Aim of the exercise:
Please print, exactly, only the lines in the entries below from the line that has "46 / 彩铜钱袋摆件聚宝盆只进不出存钱罐开业送礼电视机柜卧室工艺品" through the line that has "A Manual Of". Pictures don't go in.

Information supplied:
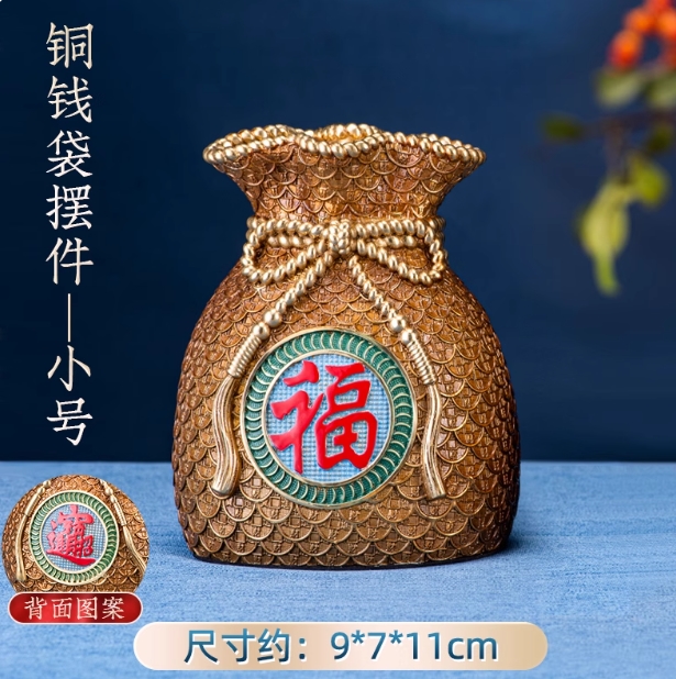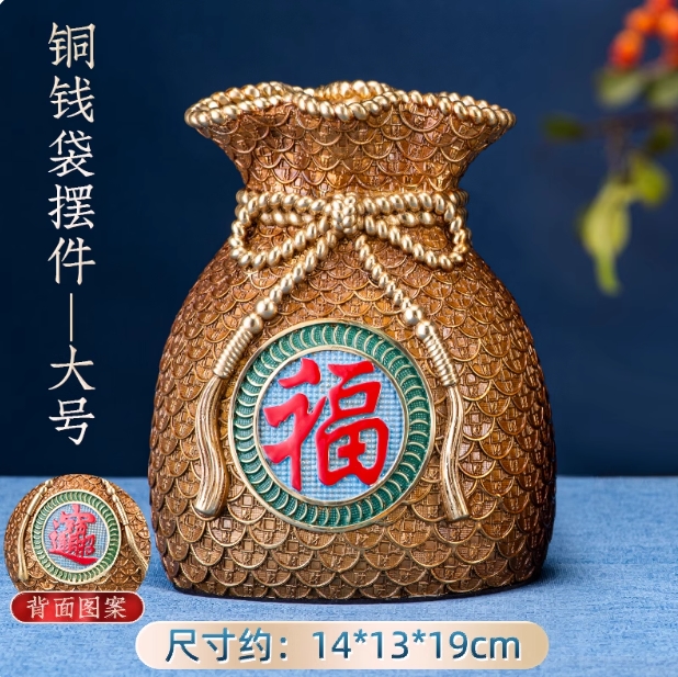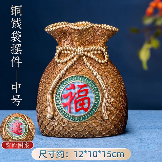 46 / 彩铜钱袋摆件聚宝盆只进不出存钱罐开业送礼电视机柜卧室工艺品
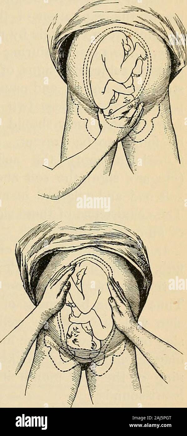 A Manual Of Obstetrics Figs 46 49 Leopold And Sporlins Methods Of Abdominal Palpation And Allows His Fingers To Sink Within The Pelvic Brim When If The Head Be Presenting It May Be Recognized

--

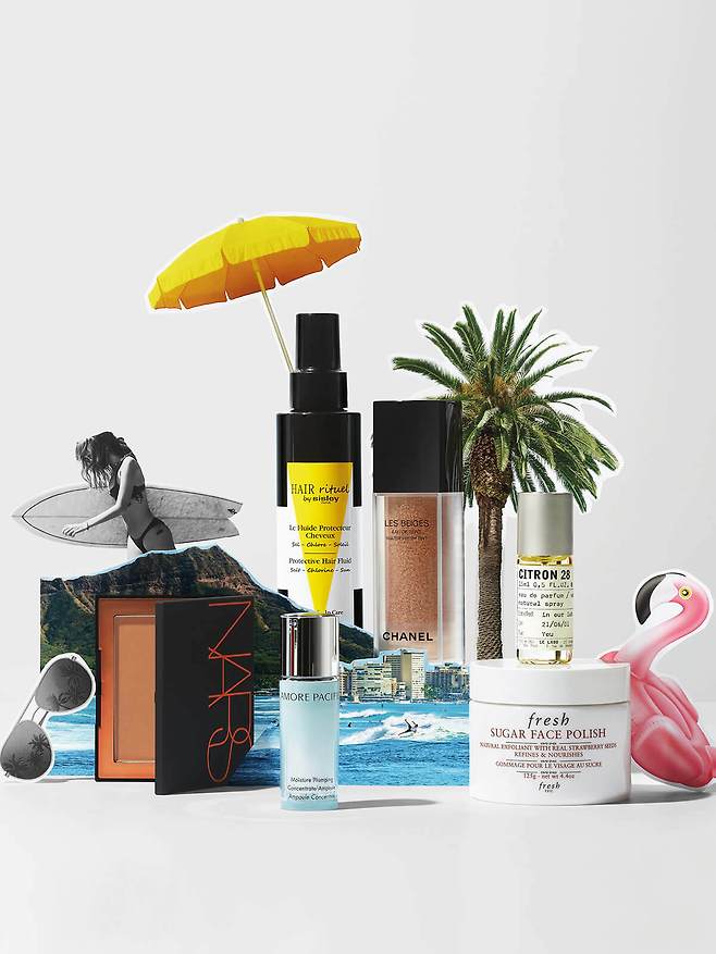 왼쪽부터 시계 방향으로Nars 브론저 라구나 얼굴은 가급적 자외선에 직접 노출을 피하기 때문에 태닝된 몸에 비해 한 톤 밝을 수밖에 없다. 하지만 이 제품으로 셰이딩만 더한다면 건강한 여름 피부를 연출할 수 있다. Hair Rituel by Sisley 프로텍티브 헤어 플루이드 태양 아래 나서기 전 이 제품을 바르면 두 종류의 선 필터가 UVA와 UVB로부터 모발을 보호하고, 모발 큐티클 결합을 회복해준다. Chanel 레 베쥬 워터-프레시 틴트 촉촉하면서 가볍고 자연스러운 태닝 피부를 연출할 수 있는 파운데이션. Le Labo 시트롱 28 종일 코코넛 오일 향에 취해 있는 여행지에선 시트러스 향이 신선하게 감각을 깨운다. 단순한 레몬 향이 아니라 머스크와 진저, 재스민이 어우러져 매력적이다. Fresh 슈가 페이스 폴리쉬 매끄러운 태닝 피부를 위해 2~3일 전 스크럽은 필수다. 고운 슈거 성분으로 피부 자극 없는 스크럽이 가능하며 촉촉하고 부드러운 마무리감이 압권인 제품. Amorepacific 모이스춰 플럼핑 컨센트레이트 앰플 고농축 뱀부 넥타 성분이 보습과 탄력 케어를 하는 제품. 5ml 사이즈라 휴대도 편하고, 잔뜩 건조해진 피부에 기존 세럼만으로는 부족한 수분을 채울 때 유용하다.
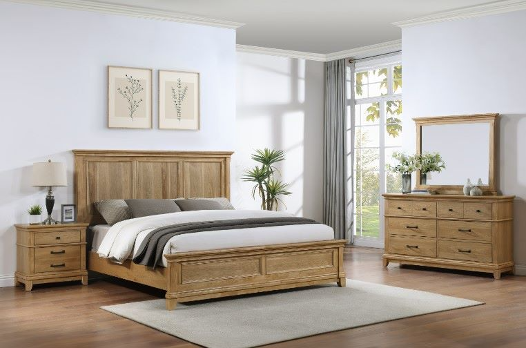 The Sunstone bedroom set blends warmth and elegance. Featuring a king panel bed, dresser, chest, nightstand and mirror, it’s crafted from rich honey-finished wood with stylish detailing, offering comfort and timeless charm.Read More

Answer to this exercise:
 46 / 彩铜钱袋摆件聚宝盆只进不出存钱罐开业送礼电视机柜卧室工艺品
 A Manual Of Obstetrics Figs 46 49 Leopold And Sporlins Methods Of Abdominal Palpation And Allows His Fingers To Sink Within The Pelvic Brim When If The Head Be Presenting It May Be Recognized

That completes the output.